という感想になっていて、合理的に考えると、Ruby 組み込みのクラスが便利だという意外は、普通に Objective-C + Xcode で書けばそれでいいじゃないかという結論に達しそうな雰囲気があります。Objective-C の処理系も年々バージョンアップして簡単になってきているし、RubyMotion での (Rubyらしさをあまり追求しない) コードと Objective-C で書かれた同じコードを比較しても、そこに明らかな生産性の差が現れるかというと、そんなことも全くないと思います。

しかし実際には、RubyMotion でのアプリ開発には、Objective-C + Xcode でのそれとの間に何か言語化しづらい性質の違いがあるように思います。自分はそれほど Ruby という言語に思い入れのある方ではありませんが、生粋の Rubyist が何か Ruby に「気持ちがいい」とか「楽しい」とか、個別機能論ではなく総体としての Ruby にそういう体験を感じたりするように、RubyMotion にもまた、個別の事象だけを切り取って議論したときにはわからない手触り感の良さのようなものがあるように思います。その手触り感の魅力に関しては一年以上使い続けても色あせないばかりか、使い込むほどますます手に馴染んでいくので、ちょっと RubyMotion なしでの iOS 開発というのは考えにくい。そんなわけで自分はこれからも、HBFav のようなライフワークには変わらず RubyMotion を使い続けようと思っています。

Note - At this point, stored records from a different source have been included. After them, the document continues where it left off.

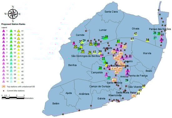 Many factors have an impact on the status of a station being balanced or unbalanced. Factors such as station location, the capacity of the station (rack numbers), initial bike inventory, differences in the actual and predicted demand for bicycles in stations, and others are included in Table 1. In this study, the factor of station location as one of the critical and most important was evaluated to have a lower unbalancing status in the expansion of a network. As mentioned before, previously proposed station location approaches generally exclude the demand and operational dimensions of BSS. Criteria number seven, “Proximity to the bike stations with unbalanced OD”, was included to contribute to solving the unbalancing problems of stations. An unbalanced station can be a full (close to full) station or an empty (close to empty) station. When the stations are full, adding capacity obviously solves a part of the problem; our proposed method correctly identified those unbalanced stations. Figure 5 shows the top unbalanced stations for the one-year operation of Lisbon’s BSS among all current stations and newly proposed and ranked stations. According to the study’s assumption that “unbalancing will decrease if the system’s criteria are also included in station location” and Figure 5, it seems that the hypothesis we adopted is correct.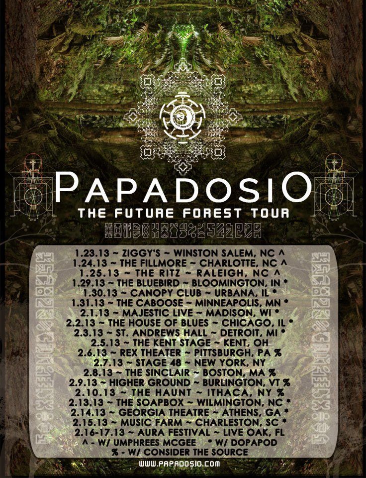 Their most recent album T.E.T.I.O.S., an abbreviation of “To End The Illusion of Separation” took over 3 years to make. Comprised of 2 discs, and 20 tracks, the entire album plays for about two hours. Each track has a specific piece of artwork created for it, and in total the album comes with a 24-page art portfolio. Papadosio offers the album in nearly every format possible, with each format providing the artwork of the album. T.E.T.I.O.S has a spiritual influences stemming from it. Lyrically, Thogmartin sings about love, human relations, and nature. The artwork enhances the sounds and the lyrics, creating a romantic and transcendental sense to the album. Papadosio’s website states the album to be “an effort to catalyze the beautiful and peaceful world that we all know is possible, we give you this collection of art as a sign that we are all moving into that space slowly but surely.”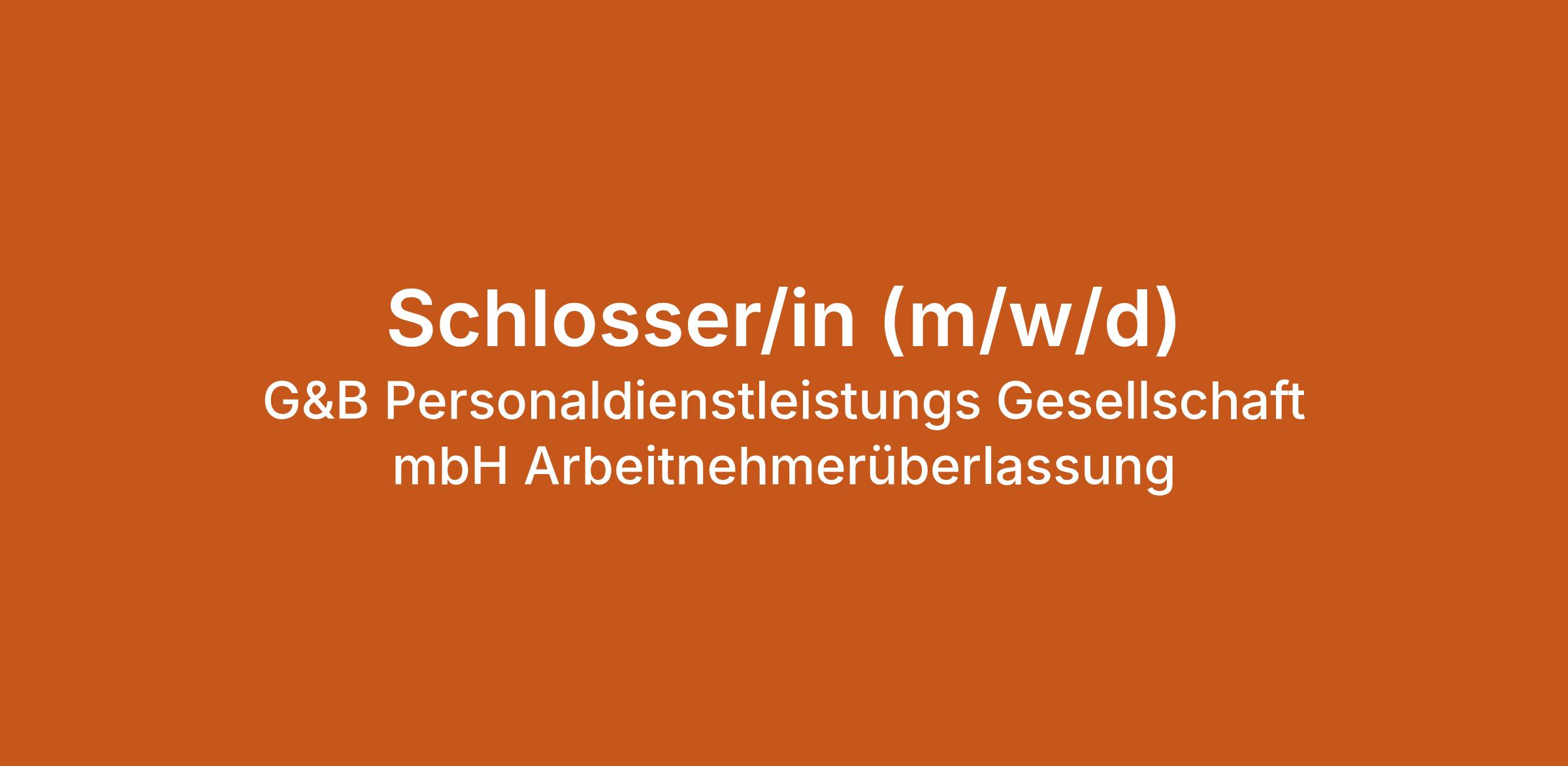 Schlosser/in (m/w/d) bei G&B Personaldienstleistungs Gesellschaft mbH Arbeitnehmerüberlassung in Duisburg. Jetzt auf echte.jobs bewerben.

逆に、例えば仕事でやるプロジェクトなんかで、Objective-C ではなく RubyMotion を採用すべき! ということは、自分は主張しません。各論で見た場合にその主張に説得力を持たせることができませんし、複数人数での開発では、やはり標準的な環境、Objective-C の堅牢さみたいなもののメリットの方が重要になってくると思います。その辺を十分分かった上でRubyMotion で本格的なアプリを開発しているというプロジェクト、例えば 37 Signals なんかを、面白いなあと思ってウォッチしたりはしています。

その他にもこの辺が良かった/課題だな、ということに

  • 開発元の HipByte のサポートとか、ユーザーとの近さ
  • (RubyMotion が薄い実装であるがゆえに) iOS 6 から iOS 7 へのキャッチアップに一切のタイムラグがなかったこと
  • 普段 Web 開発で使い慣れてる道具が使える
  • Objective-C と RubyMotion の間での知識移転が楽
  • 日本の RubyMotion コミュニティが楽しい (毎月のもくもく会がなかったら、途中で開発の手が止まっていたかもしれない・・・)
  • テストが書きやすい、という利点があまり活かせてない

みたいなことも挙げられますが、長くなってきたのでこの辺にしておきましょう。